Preuve de l'influence du modèle venezuelien sur les membres de La France Insoumise, Adrien Quatennens avait estimé mardi que Nicolas Maduro était "une source d'inspiration pour nous". Et d'ajouter : "On n'a pas d'un côté un camp qui mate son peuple, ça c'est pas vrai, on a une confrontation politique forte et on a une opposition qui est notamment aidée par l'international (...) On voit la violence éclater, mais sur les plus de 100 morts qu'il y a eu, plus de la moitié sont le fait de l'opposition".Et Alexis Corbière d'ajouter ce jeudi sur LCI : "Il faut que la presse raconte ça, la complexité des choses. C’est pas un gouvernement isolé contre tout un peuple dressé." De son côté, le député Eric Coquerel a estimé ce mercredi que "Nicolas Maduro a été élu, ce n'est pas une dictature", après la condamnation en ce sens de Washington.

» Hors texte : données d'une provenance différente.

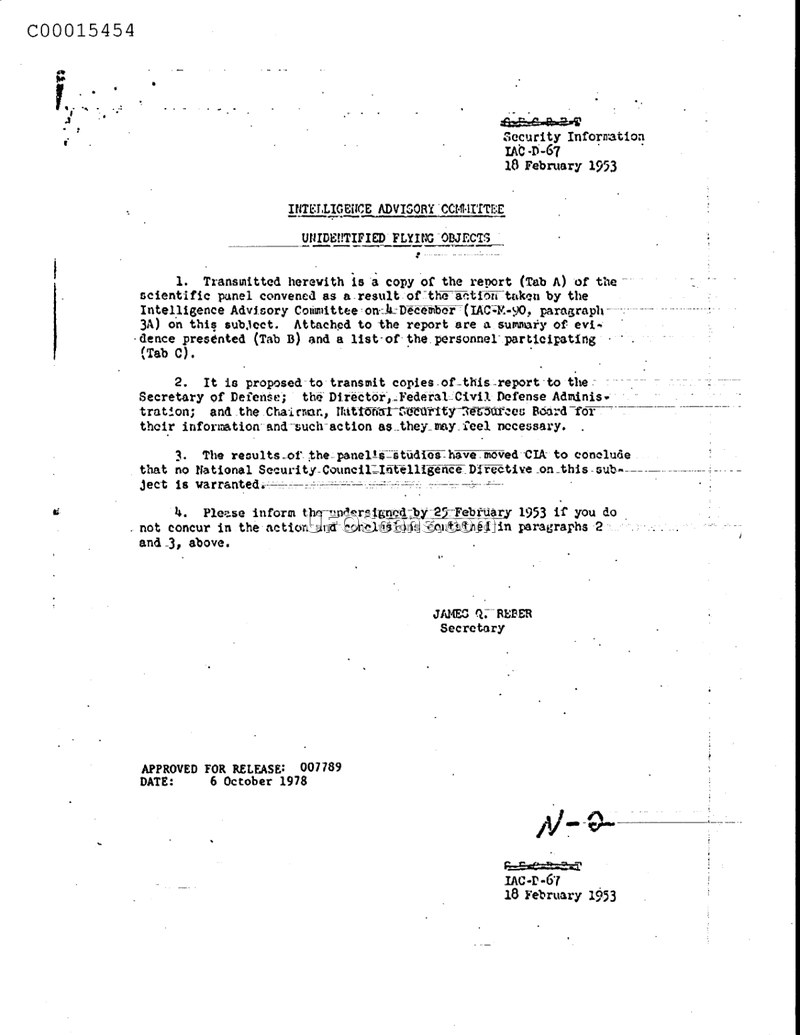 This document, dated February 18, 1953, is an Intelligence Advisory Committee memorandum transmitting the findings of a Scientific Panel convened to evaluate Unidentified Flying Objects (UFOs). The Panel, chaired by H. P. Robertson, reviewed evidence provided by the Air Technical Intelligence Center (ATIC) and other agencies, including 75 case histories, motion picture films, and radar data from 1948 to 1952. The Panel's primary conclusion was that UFOs did not pose a direct physical threat to national security and that there was no evidence of foreign hostile artifacts. However, the Panel expressed significant concern regarding the 'clogging of channels of communication' by irrelevant reports and the potential for 'false alarms' to distract from real threats. They argued that the 'special status' afforded to UFOs created a 'morbid national psychology' that could be exploited by hostile propaganda to induce hysteria. Consequently, the Panel recommended that national security agencies take immediate steps to strip UFOs of their special status and implement an integrated program of intelligence, training, and public education to train personnel to recognize and reject false indications quickly. The document includes detailed lists of evidence reviewed, such as balloon launch sites, radar manuals, and various intelligence reports, as well as a list of the panel members and interviewees, which included representatives from the CIA, ATIC, and the US Navy.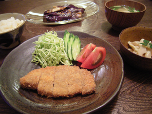 今日のばんごはんは・・・ ビフカツ、キャベツの千切り・胡瓜・トマト添え 蒸し茄子の中華風サラダ 大名竹の酢味噌和え 大名竹の筍ごはん 味噌汁(豆腐・葱)安くて美味しい近江牛が手に入ったので、今日はビフカツ。以前ビフカツをして以来、ダンナはビフカツのトリコらしい。ステーキでもいけるお肉なので、高温でさっと揚げたビフカツはとっても柔らか&ジュースィーなのだ。ソース&グリーンマスタードでも美味しいが、最近ハマってるお肉の食べ方は山椒&お塩。挽きたての山椒が上質な肉の味を際立たせる、最高の食べ方だ。鹿児島の祖母からのお裾分けの『大名竹』。普通の筍よりアクが少ないそうで、アク抜きもいらないそうだ。たしかに、茹でたものをスライスして食べても口の中がえぐえぐしない。酢味噌でいただくと美味しいということで、先の柔らかい部分は酢味噌和えに、下の部分は筍ごはんにした。甘みがあり、とても美味しい。こんな時期にまさか新鮮な筍を食べられるとは思ってもいなかったので、なんだか得した気分だ。▼クリックお願いします▼ブログランキング [ランキングオンライン]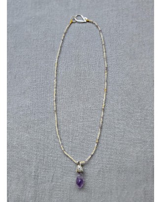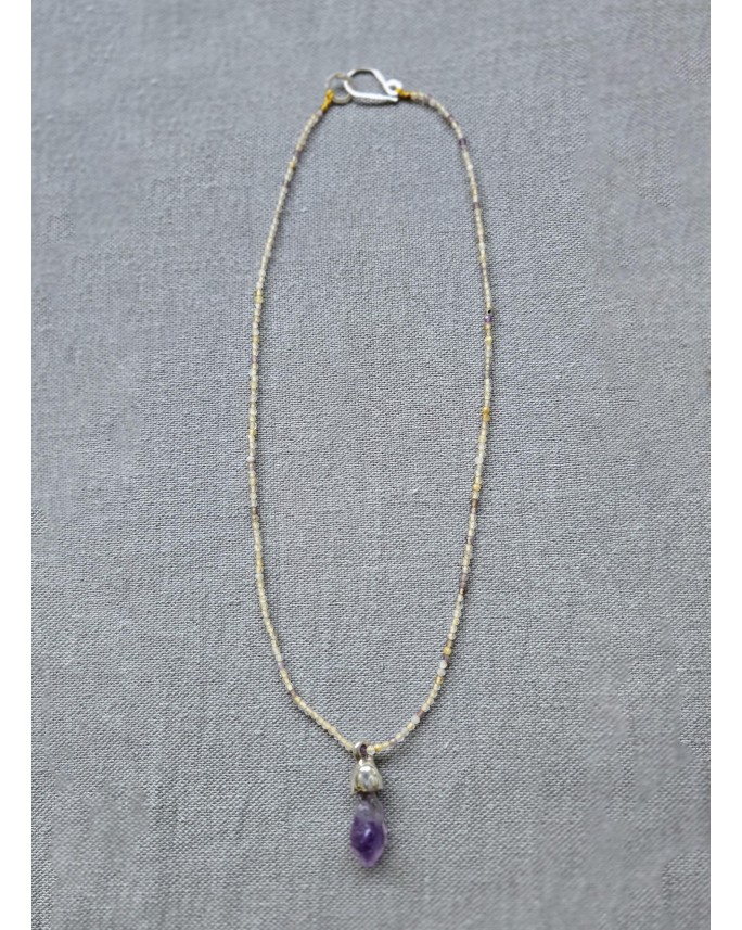 Collar piedras naturales Fluorita con dije de Amatista engarzada en cabushón de plata 925 y terminaciones de plata 925 (41 cm de largo)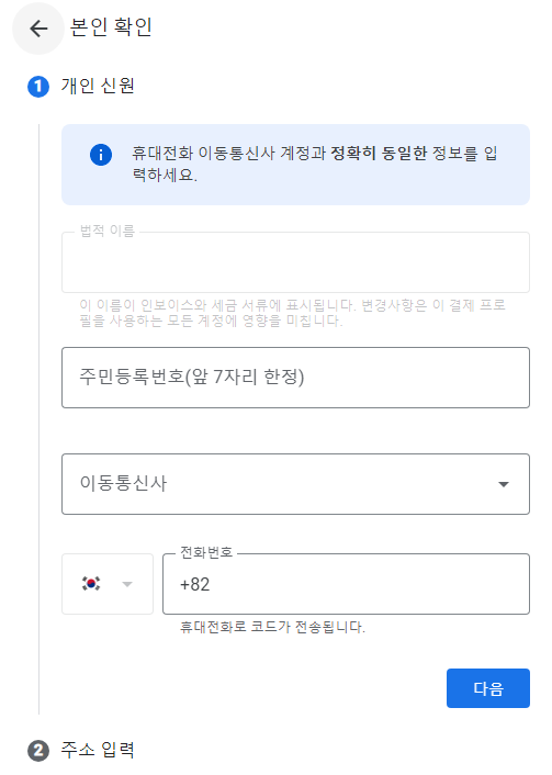핸드폰등 정보 입력해서 인증을 했습니다.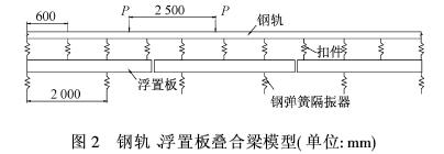 钢弹簧浮置板轨道是将具有一定质量和刚度的混凝土道床板浮置在钢弹簧隔振器上,构成质量—弹簧隔振系统。轨道板通过钢弹簧支承在基础道床上,轨道板可以提供足够的惯性质量来平衡车辆产生的动荷载,只有静荷载和少量的动荷载会通过钢弹簧传到基础道床上。钢弹簧浮置板轨道是目前减振效果最好的轨道结构,其技术先进、应用成熟,已在德国、英国、巴西等国家地铁工程中应用,国内北京地铁、南京地铁等已成功铺设,效果很好。本文分析的盾构中钢弹簧浮置板轨道基本结构如图1。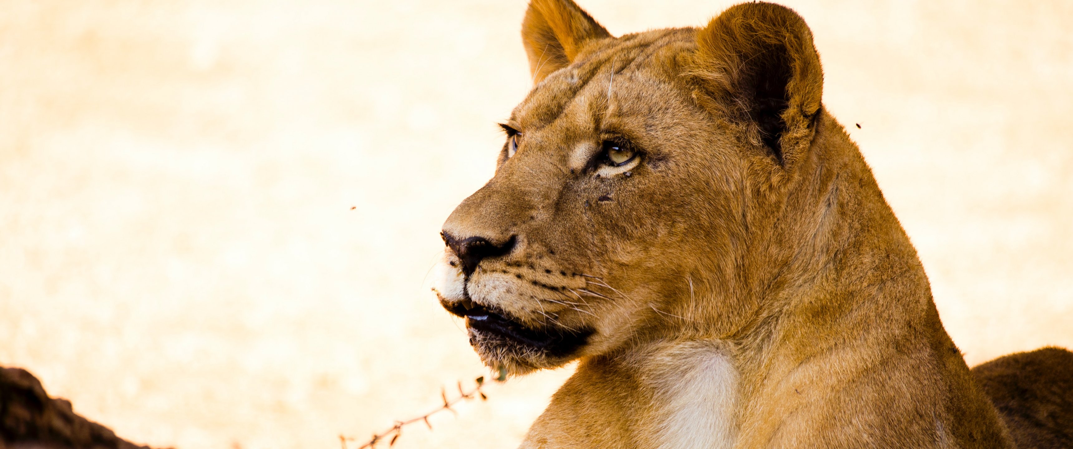 Wallpaper: lioness, predator, wild nature - 3440x1440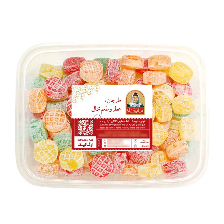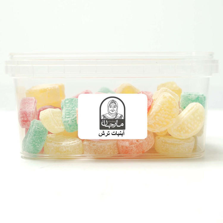 آبنبات ترش مارجان در بسته بندی طب دارای استاندارد فود گرید غذایی.آبنبات های ترش دارای میزان شکر کمتری بوده و با اسانس های طبیعی و از میوه های ملس تر تهیه می شوند که ممعمولا به شکل گرد و بیضی می باشند.این آبنبات ها عمدتا از عصاره یک یا چندین میوه تشکیل شده آبنبات ترش مارجان نوستالژی خانه مادربزرگ با کیفیتی مثال زدنی و بهداشتی کاملا بومی محلی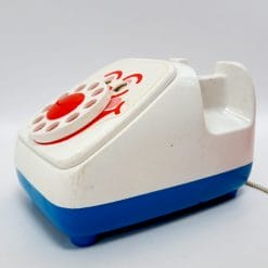 Bellissimo Telefono Parlante della TOMY; giocattolo anni ’80. Quando si seleziona un numero, girando il disco, il telefono parla con frasi diverse. L’oggetto รจ pulito e funzionante; presenta leggeri segni d’uso.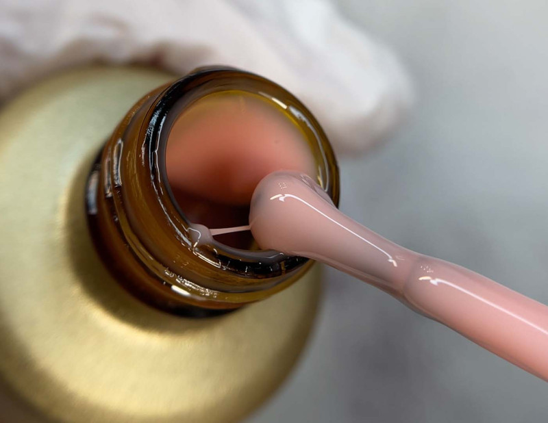 - Камуфлирующий гель нежно-розового цвета, близкого к оттенку естественного ногтя. Он не такой плотный, как базовый и применяется для моделирования формы ногтя.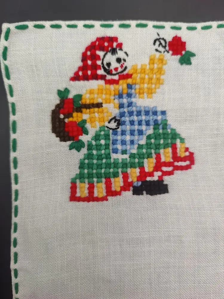 Super cute linen placemats handstitched. They come in red, green, blue and yellow. There is some light staining as shown in photos.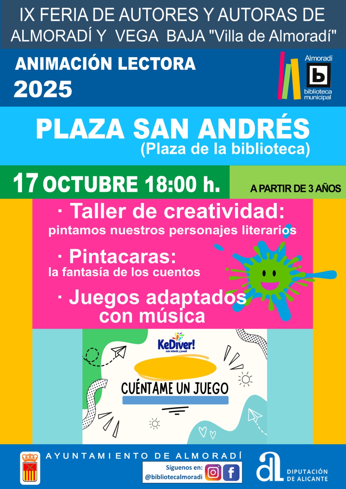 La Concejalía de Cultura del Ayuntamiento de Almoradí organiza el viernes 17 de octubre, a las 18 horas, diversas actividades para los más pequeños a partir de los tres años, como ‘Taller de creatividad’ para pintar personajes literarios, sesión de pintacaras con la fantasía de los cuentos y juegos adaptados con música titulado ‘Cuéntame un juego’, por ‘KeDiver!’, en la plaza San Andrés (plaza de la biblioteca infantil del Centro Cultural ‘Luis Martínez Rufete’), dentro de la IX Feria de Autores y Autoras de Almoradí y Vega Baja ‘Villa de Almoradí’.
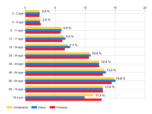 Age classes per gender and related impact, average age and old-age index in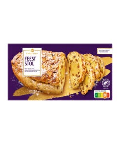 Ingrediente: faina de grau, 20% stafide, 10% migdale, zahar, apa, 4,1% coacaze, alune de padure, drojdie de panificatie, 2,1% coaja de portocala, gluten de grau, stabilizator (sorbitoli [E420]), zer pudra vegetarian, ulei vegetal (rapita, floarea-soarelui), proteina din oua de gaini crescute liber, sirop de glucoza-fructoza, sare iodata, emulgator (stearoil-2-lactilat de sodiu [E481]), mono- si digliceride ale acizilor grasi [E471], mono- si digliceride ale acizilor grasi, esteri ai acidului monoacetil- si diacetiltartric [E472e]), oua de gaini crescute liber, faina de grau pregelatinizata, faina de secara, acid (acetat de calciu [E263]), agent de ingrosare (guma de celuloza [E466]), dextroza, arome naturale, sirop de glucoza, proteina vegetala (cartof, mazare, fasole lata), agent de tratare a fainii (acid ascorbic). acid citric [E300]), turmeric, drojdie, agent de crestere (carbonati de sodiu [E500]), proteine din lapte, faina de malt de grau, aroma, regulator de aciditate (acid citric [E330]), maltodextrina.

Selon le Figaro, la crise au Venezuela embarrasserait cependant les rangs de La France Insoumise. Notamment car l'un des derniers rebondissements qui a (re)mis le feu aux poudres, à savoir l'instauration dimanche d'une Constituante, est un dispositif qui était au programme présidentiel de Jean-Luc Mélenchon. Ce dernier reste d'ailleurs silencieux sur la situation dans ce pays qui entre dans son cinquième mois de contestation. Sa dernière intervention remonte en effet au 20 avril, au micro de BFM TV ; visiblement agacé, celui qui était alors candidat à l'élection présidentielle avait prévenu : "Ca suffit, cette espèce de doute que vous essayez d'étendre sur moi. (…) Expliquez-moi pourquoi vous et vos collègues dans tous les pays passez votre temps à interpeller les hommes comme moi, de ma famille politique, sur le Venezuela et Cuba ? Pourquoi vous ne parlez jamais du Yémen ?".


Toujours en avril, Jean-Luc Mélenchon avait expliqué avoir beaucoup parlé du Venezuela à une époque car il s'intéressait à la manière dont Hugo Chavez avait, selon lui, mis en place "un gouvernement qui partageait la rente pétrolière avec le peuple et avec les pauvres".  "Si bien que des millions de gens ont été sortis de la pauvreté", avait-il poursuivi, évoquant "un contraste absolument saisissant et fécond entre le partage de la richesse pétrolière au Venezuela et l'accaparation de cette même richesse au Qatar ou en Arabie saoudite où les pauvres gens n'ont accès à rien". Comparant les manifestations en cours au Venezuela à celles contre la loi El-Khomri de début 2016, il avait refusé à l'époque de demander le départ du président Maduro.